Statistical Analyses

Penalized logistic regression

Penalized logistic regression was employed using the software MENDEL v14 [24] available from http://www.genetics.ucla.edu/software/mendel with age, gender, and eigenvalues from principal components 1 and 2 added as covariates.
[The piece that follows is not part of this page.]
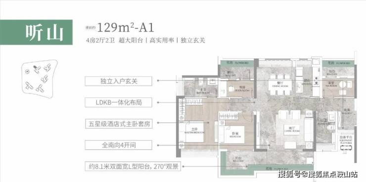 建面约129㎡听山户型,阳光玄关设计,兼容了户内的私密性,储物空间又是全明采光,也符合广东地区对风水的理解,舒适性和实用性都考虑到。
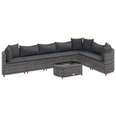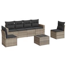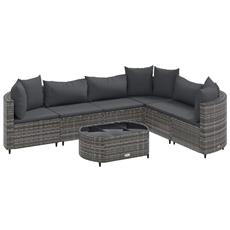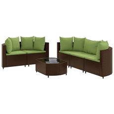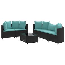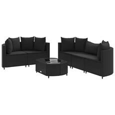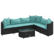 LUSSO CASADINO - Lusso Casadino - Set Divano Da Giardino 6 Pz Con Cuscini Nero In Polyrattan

As applied to this study, lasso penalized regression is a method for continuous model selection on all of the CAD SNPs and covariates, together and analyzed at the same time, and is of particular value when the number of SNPs exceeds the number of subjects, as in the standard GWAS design.[11] The order that each SNP is added to the statistical model is correlated with its individual significance, and the lasso method eliminates SNPs that enter with low explanatory power. The result of a lasso penalized regression of this dataset may be considered to have studied the association of all CAD SNPs on the CardioMetaboChip.
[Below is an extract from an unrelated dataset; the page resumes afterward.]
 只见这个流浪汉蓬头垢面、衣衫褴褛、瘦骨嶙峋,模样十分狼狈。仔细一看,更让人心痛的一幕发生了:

Two-way interactions were also explored by penalized lasso logistic regression within the top 100 associated SNPs in order to reduce the number of interactions to be computed using the Mendel software.

Other tests

As implemented in R software, the Fisher exact test, calculation of Odds Ratios, logistic regression, and the Cochran-Mantel-Haenszel test were used to explore the effects of gender in the association of CAD, both within and across gender, and across genotypes [25, 26]. Conditional analysis was performed using PLINK v1.9 [27, 28] with covariates as listed in the legends to the tables. “Locus Zoom” plots were drawn using the website at the University of Michigan [29]. Linkage disequilibrium was assessed using Haploview v4.[30] Control data from the Thousand Genomes Project were used as indicated.[31] Power for detecting an association was computed using QUANTO (available from http://biostats.usc.edu/Quanto.html).

Results

Dataset

Herein we report observations from 8556 Taiwan subjects (3133 cases and 5423 controls) and 9087 coronary artery disease (CAD) SNPs genotyped using the Illumina CardioMetaboChip.
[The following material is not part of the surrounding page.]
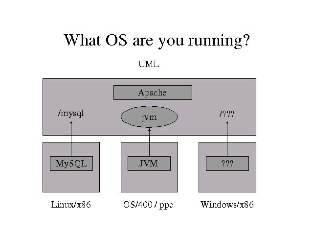 The host MySQL database is mounted inside UML on /mysql. The OS/400 JVM is represented inside UML as a process. Maybe Java is fed into the 'jvm' stdin and output grabbed from its stdout. Whatever Windows resources are desirable are either mounted as filesystems or represented as processes. The Apache running inside UML has local, native access to Linux, OS/400, and Windows data, resources, and applications.

Characteristics of the subjects by gender and by case/control status are given in Table 1. As expected, cases and controls were significantly different for body mass index (BMI), serum lipids, and blood pressure (p anova <0.001).

Association Study

Penalized logistic regression

The 9087 coronary artery disease (CAD) SNPs identified by the CARDIoGRAM Consortium for populations of European descent were tested for association with CAD in Taiwan using a penalized logistic regression method. This method allows consideration of the contribution of all SNPs together and is appropriate for a dataset with more SNPs than subjects. With age, gender, and the eigenvalues from principal components 1 and 2 as covariates, the p-values and effect estimates are given in Table 2. Loci associated with CAD with a significance less than a false discovery rate of 5% were: 9p21, SH2B3, ADAMTS7, PHACTR1, GGCX, HTRA1, COL4A1, and LARP6-LRRC49. Furthermore, the 9p21 locus was significantly associated with CAD by the “genome-wide” criteria of 5x10-8 (rs1537372, with the presence of C, the major allele, the effect estimate is -0.216, standard error 0.033, p value 5.8x10-10).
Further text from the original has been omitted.